* [To do]:
Your answer must be the exact lines below, starting with the line with "Aflangur löber, útsaumað" and going on through the line with "วันที่ 12 พฤษภาคม", both included, with no pictures.
(Given data begins)
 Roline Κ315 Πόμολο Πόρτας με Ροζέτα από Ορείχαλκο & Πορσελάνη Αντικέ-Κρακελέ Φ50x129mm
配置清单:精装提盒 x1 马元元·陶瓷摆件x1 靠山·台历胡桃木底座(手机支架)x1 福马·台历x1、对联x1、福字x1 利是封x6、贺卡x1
(Given data ends)
(Given data begins)
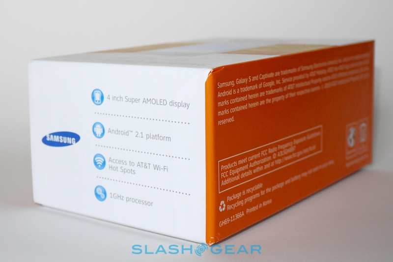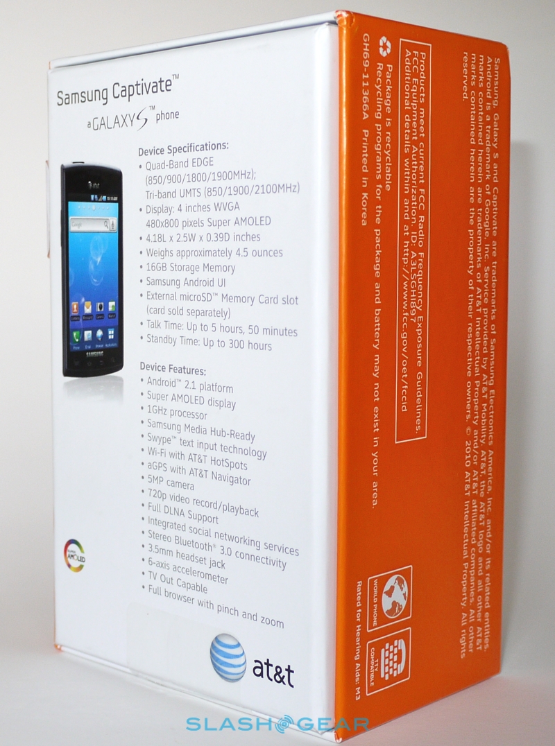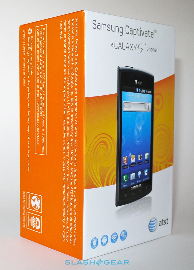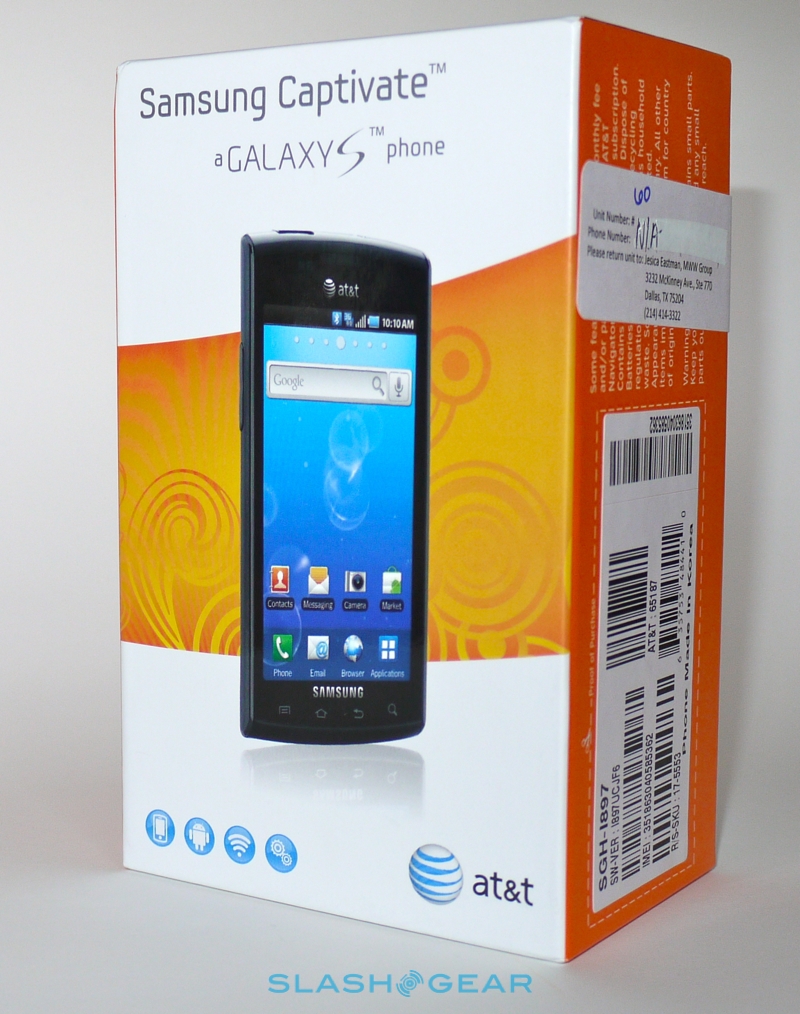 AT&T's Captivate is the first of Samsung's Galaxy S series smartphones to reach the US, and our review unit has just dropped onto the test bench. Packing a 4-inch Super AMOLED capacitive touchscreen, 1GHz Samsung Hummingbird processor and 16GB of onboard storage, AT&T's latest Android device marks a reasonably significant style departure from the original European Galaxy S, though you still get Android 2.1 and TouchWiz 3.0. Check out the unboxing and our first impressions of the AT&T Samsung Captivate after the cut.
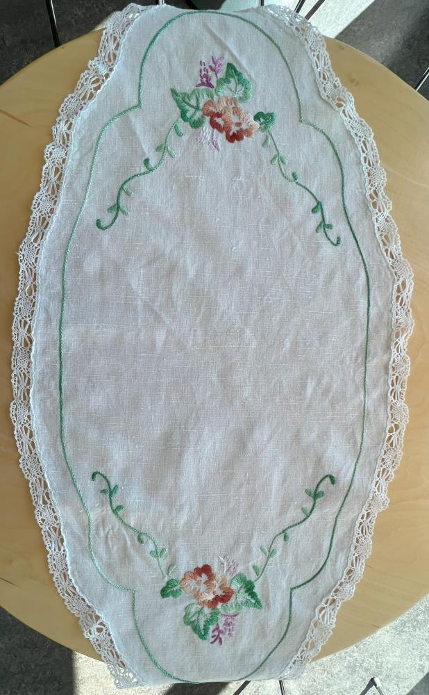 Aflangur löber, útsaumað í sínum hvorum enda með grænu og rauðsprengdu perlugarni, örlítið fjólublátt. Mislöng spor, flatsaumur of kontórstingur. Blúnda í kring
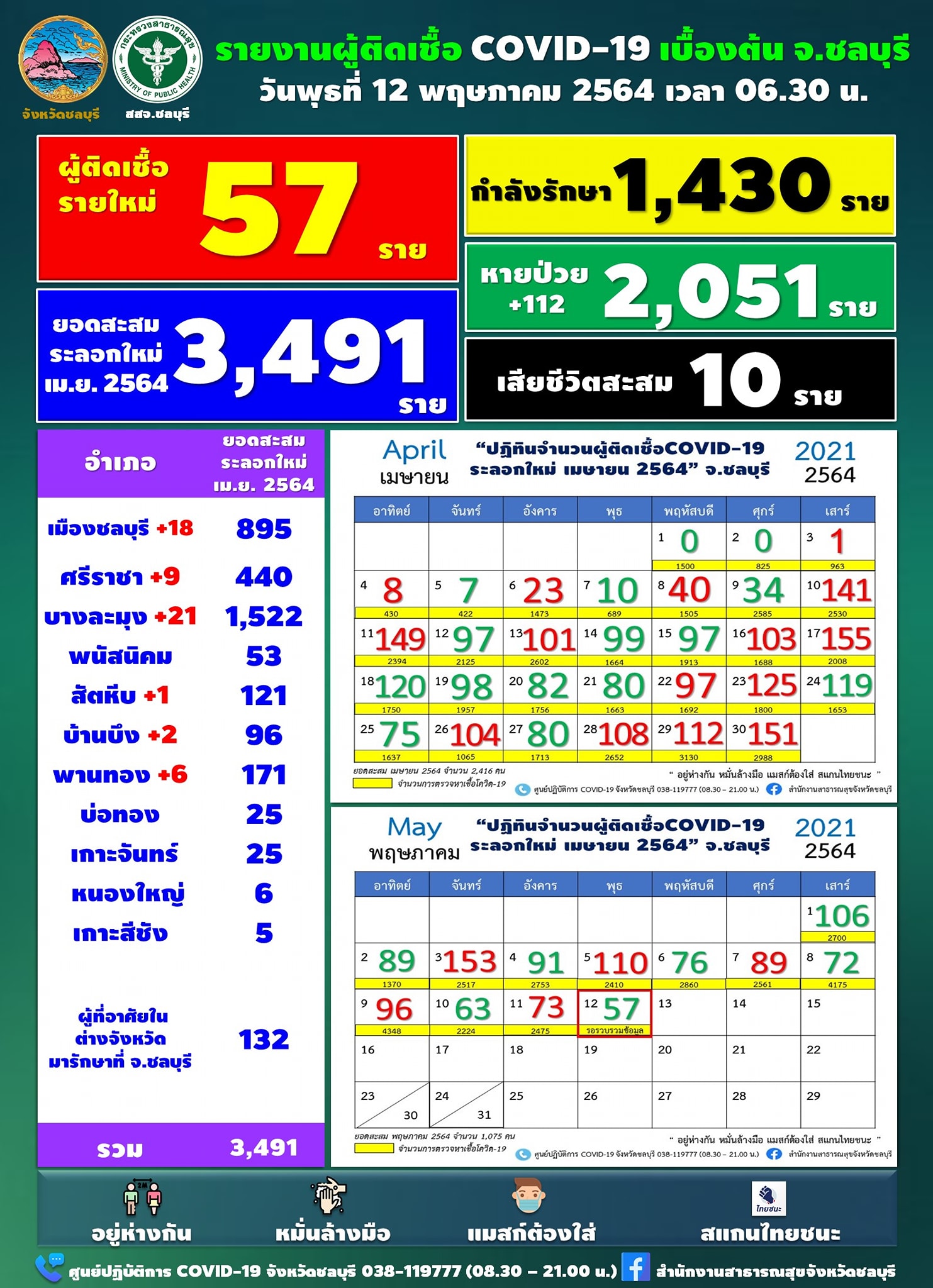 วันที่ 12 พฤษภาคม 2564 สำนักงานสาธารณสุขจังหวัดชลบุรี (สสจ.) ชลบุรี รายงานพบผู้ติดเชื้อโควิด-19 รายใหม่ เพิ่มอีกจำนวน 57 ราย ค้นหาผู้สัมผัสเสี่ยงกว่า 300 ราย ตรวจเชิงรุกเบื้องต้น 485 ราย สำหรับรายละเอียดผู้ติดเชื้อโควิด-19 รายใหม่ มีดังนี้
(Given data ends)
* [Answer box]:
 Aflangur löber, útsaumað í sínum hvorum enda með grænu og rauðsprengdu perlugarni, örlítið fjólublátt. Mislöng spor, flatsaumur of kontórstingur. Blúnda í kring
 วันที่ 12 พฤษภาคม 2564 สำนักงานสาธารณสุขจังหวัดชลบุรี (สสจ.) ชลบุรี รายงานพบผู้ติดเชื้อโควิด-19 รายใหม่ เพิ่มอีกจำนวน 57 ราย ค้นหาผู้สัมผัสเสี่ยงกว่า 300 ราย ตรวจเชิงรุกเบื้องต้น 485 ราย สำหรับรายละเอียดผู้ติดเชื้อโควิด-19 รายใหม่ มีดังนี้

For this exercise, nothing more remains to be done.